▶ **Your instructions**: Reproduce word for word the lines between those holding "Ліхтар садовий світлодіодний" and "Cute adult colouring", inclusive, and nothing else from the data below.

▶ **Data for analysis**:

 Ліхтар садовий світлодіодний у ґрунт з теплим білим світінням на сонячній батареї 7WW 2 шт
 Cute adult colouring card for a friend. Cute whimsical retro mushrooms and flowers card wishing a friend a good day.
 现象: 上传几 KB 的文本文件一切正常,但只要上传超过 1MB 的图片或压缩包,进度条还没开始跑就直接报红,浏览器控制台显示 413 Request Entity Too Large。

==

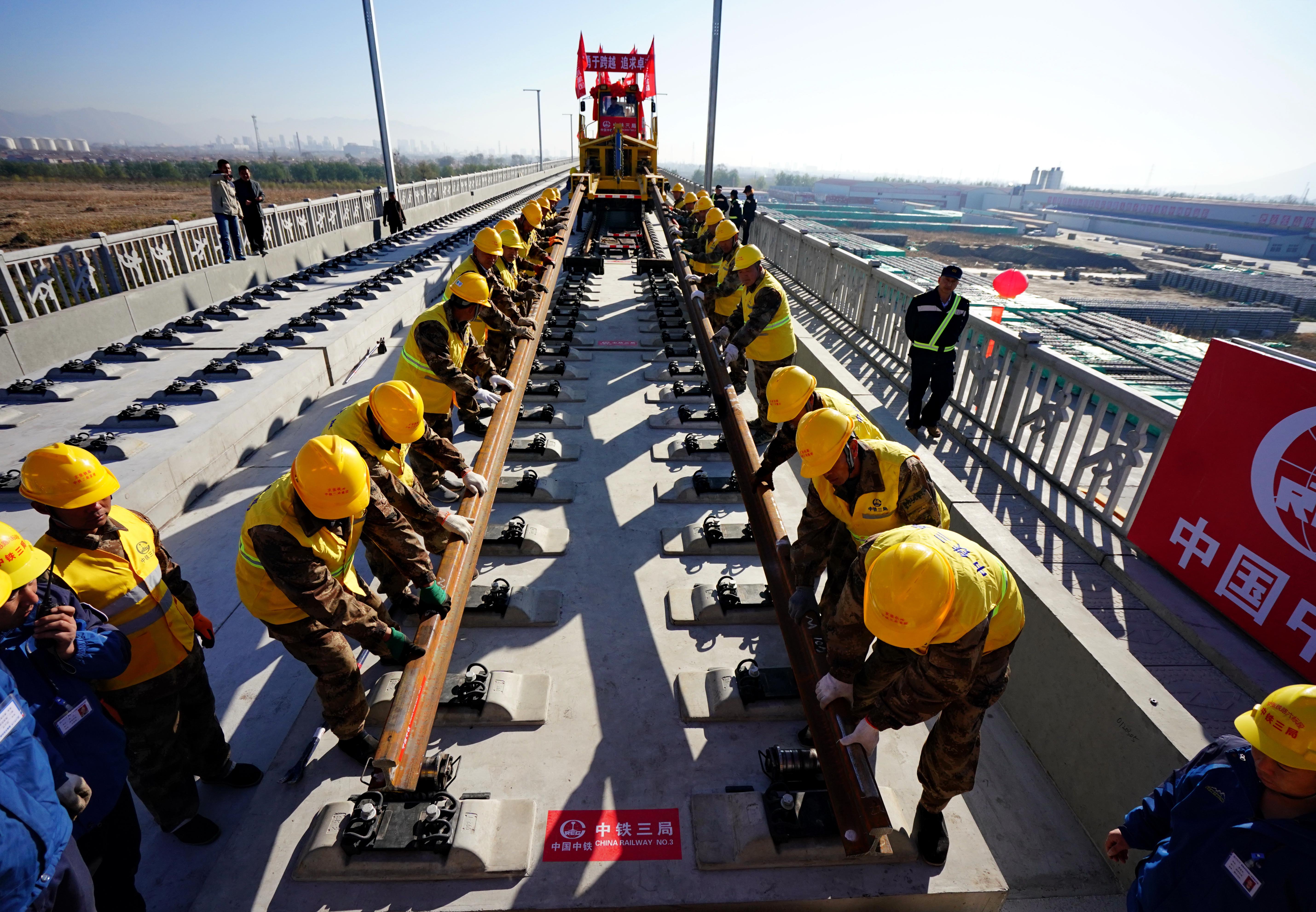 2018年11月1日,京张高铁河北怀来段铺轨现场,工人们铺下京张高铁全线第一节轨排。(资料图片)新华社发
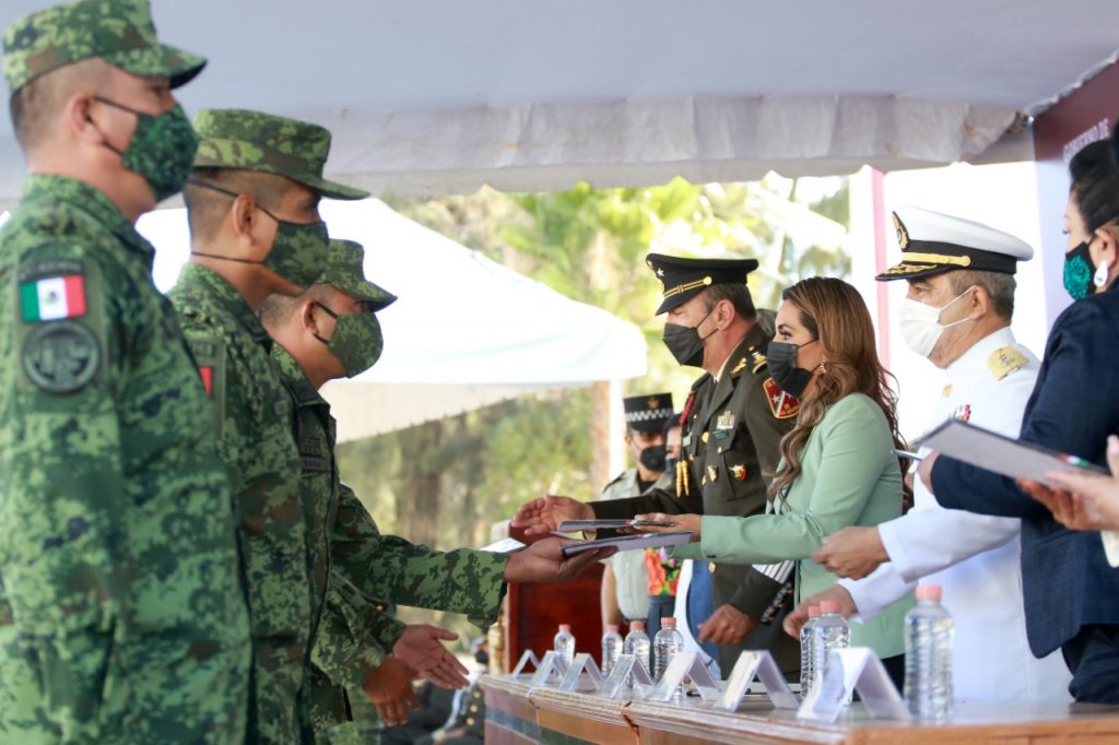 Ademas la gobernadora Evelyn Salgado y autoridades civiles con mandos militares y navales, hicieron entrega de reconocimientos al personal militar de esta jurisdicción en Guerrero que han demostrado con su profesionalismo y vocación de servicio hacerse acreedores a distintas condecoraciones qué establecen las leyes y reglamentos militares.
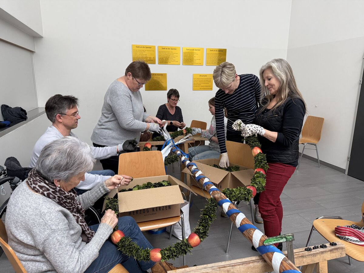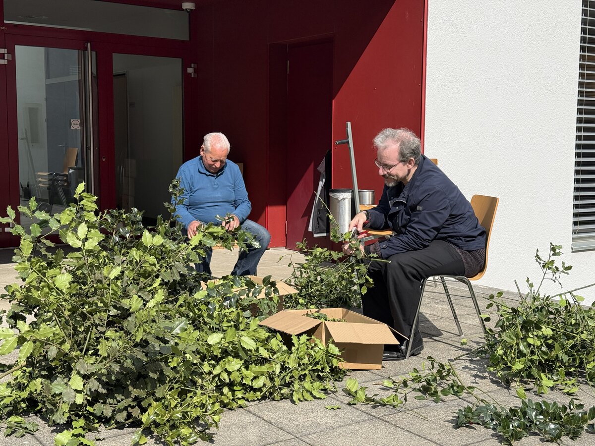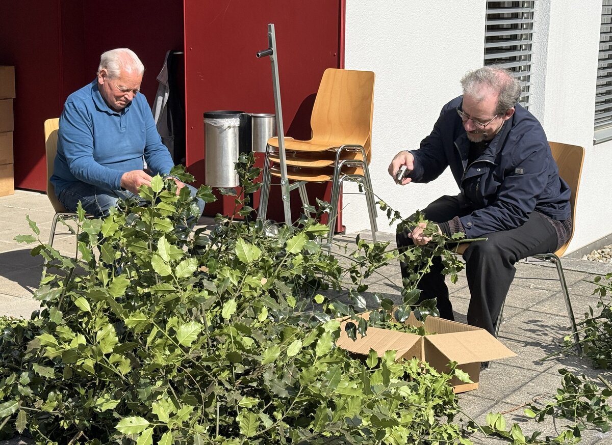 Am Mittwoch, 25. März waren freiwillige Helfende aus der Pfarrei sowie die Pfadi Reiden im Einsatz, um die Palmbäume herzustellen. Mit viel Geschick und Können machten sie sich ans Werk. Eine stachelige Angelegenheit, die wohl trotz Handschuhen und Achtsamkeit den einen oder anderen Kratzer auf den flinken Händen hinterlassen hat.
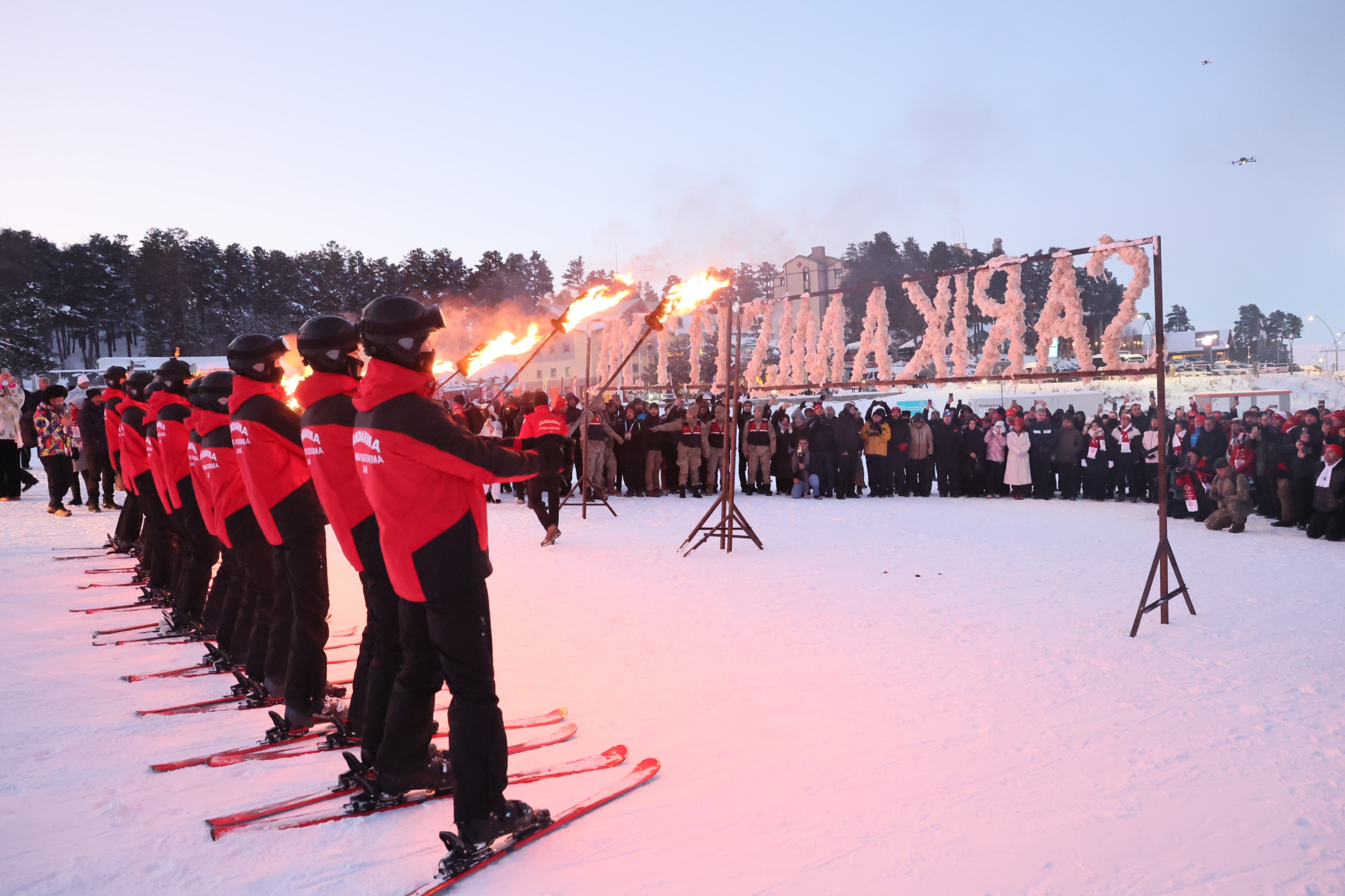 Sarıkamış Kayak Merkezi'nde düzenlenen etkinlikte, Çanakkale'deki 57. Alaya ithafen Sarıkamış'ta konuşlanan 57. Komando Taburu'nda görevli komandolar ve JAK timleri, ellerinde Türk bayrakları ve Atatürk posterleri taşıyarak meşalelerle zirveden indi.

▶ **Exercise response**:
 Ліхтар садовий світлодіодний у ґрунт з теплим білим світінням на сонячній батареї 7WW 2 шт
 Cute adult colouring card for a friend. Cute whimsical retro mushrooms and flowers card wishing a friend a good day.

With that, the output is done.